*** Opening of Records for this task ***

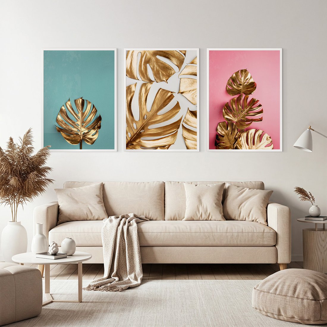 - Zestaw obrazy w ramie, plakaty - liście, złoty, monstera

*** Close of Records for this task ***
*** Opening of Records for this task ***

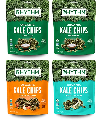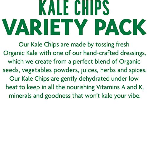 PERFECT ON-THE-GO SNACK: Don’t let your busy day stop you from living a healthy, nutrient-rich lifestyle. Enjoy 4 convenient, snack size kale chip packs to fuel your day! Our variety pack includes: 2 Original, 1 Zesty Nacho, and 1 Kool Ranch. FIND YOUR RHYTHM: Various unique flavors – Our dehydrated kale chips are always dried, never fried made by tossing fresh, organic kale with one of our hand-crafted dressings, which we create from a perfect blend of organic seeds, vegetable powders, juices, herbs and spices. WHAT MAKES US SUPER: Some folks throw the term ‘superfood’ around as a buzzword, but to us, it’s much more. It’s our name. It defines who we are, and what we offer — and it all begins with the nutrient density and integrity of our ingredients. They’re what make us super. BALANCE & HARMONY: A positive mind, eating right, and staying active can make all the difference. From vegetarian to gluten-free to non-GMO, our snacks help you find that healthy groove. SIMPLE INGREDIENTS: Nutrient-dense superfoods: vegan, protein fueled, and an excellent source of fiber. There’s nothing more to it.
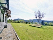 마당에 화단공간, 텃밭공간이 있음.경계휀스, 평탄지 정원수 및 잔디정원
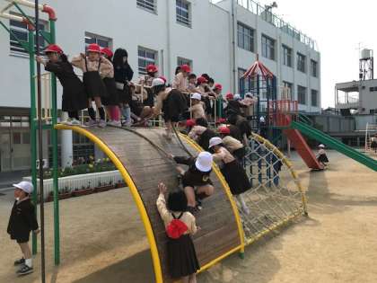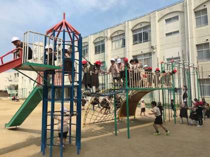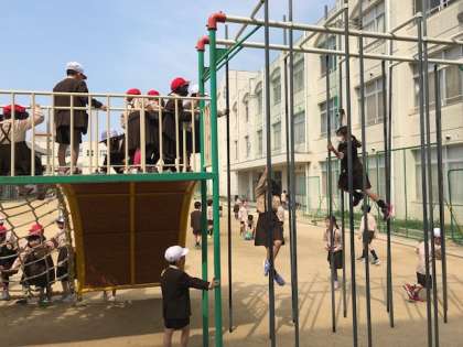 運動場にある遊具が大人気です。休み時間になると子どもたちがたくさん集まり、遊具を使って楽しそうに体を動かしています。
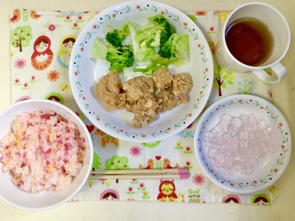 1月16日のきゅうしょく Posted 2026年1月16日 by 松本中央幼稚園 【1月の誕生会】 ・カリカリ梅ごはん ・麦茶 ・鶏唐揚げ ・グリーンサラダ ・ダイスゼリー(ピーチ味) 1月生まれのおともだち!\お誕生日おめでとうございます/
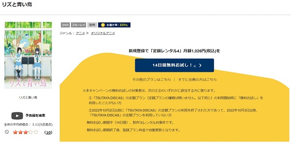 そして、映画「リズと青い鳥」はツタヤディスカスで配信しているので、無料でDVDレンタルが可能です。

*** Close of Records for this task ***
*** Opening of Records for this task ***

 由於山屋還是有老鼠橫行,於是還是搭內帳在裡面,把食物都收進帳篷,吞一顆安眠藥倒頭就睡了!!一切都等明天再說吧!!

*** Close of Records for this task ***

- Directions for this task -
Give again, exactly as written above, every line from the one holding "運動場にある遊具が大人気です" to the one holding "そして、映画「リズと青い鳥」", with both ends kept and the pictures left out.

- Your solution -
 運動場にある遊具が大人気です。休み時間になると子どもたちがたくさん集まり、遊具を使って楽しそうに体を動かしています。
 1月16日のきゅうしょく Posted 2026年1月16日 by 松本中央幼稚園 【1月の誕生会】 ・カリカリ梅ごはん ・麦茶 ・鶏唐揚げ ・グリーンサラダ ・ダイスゼリー(ピーチ味) 1月生まれのおともだち!\お誕生日おめでとうございます/
 そして、映画「リズと青い鳥」はツタヤディスカスで配信しているので、無料でDVDレンタルが可能です。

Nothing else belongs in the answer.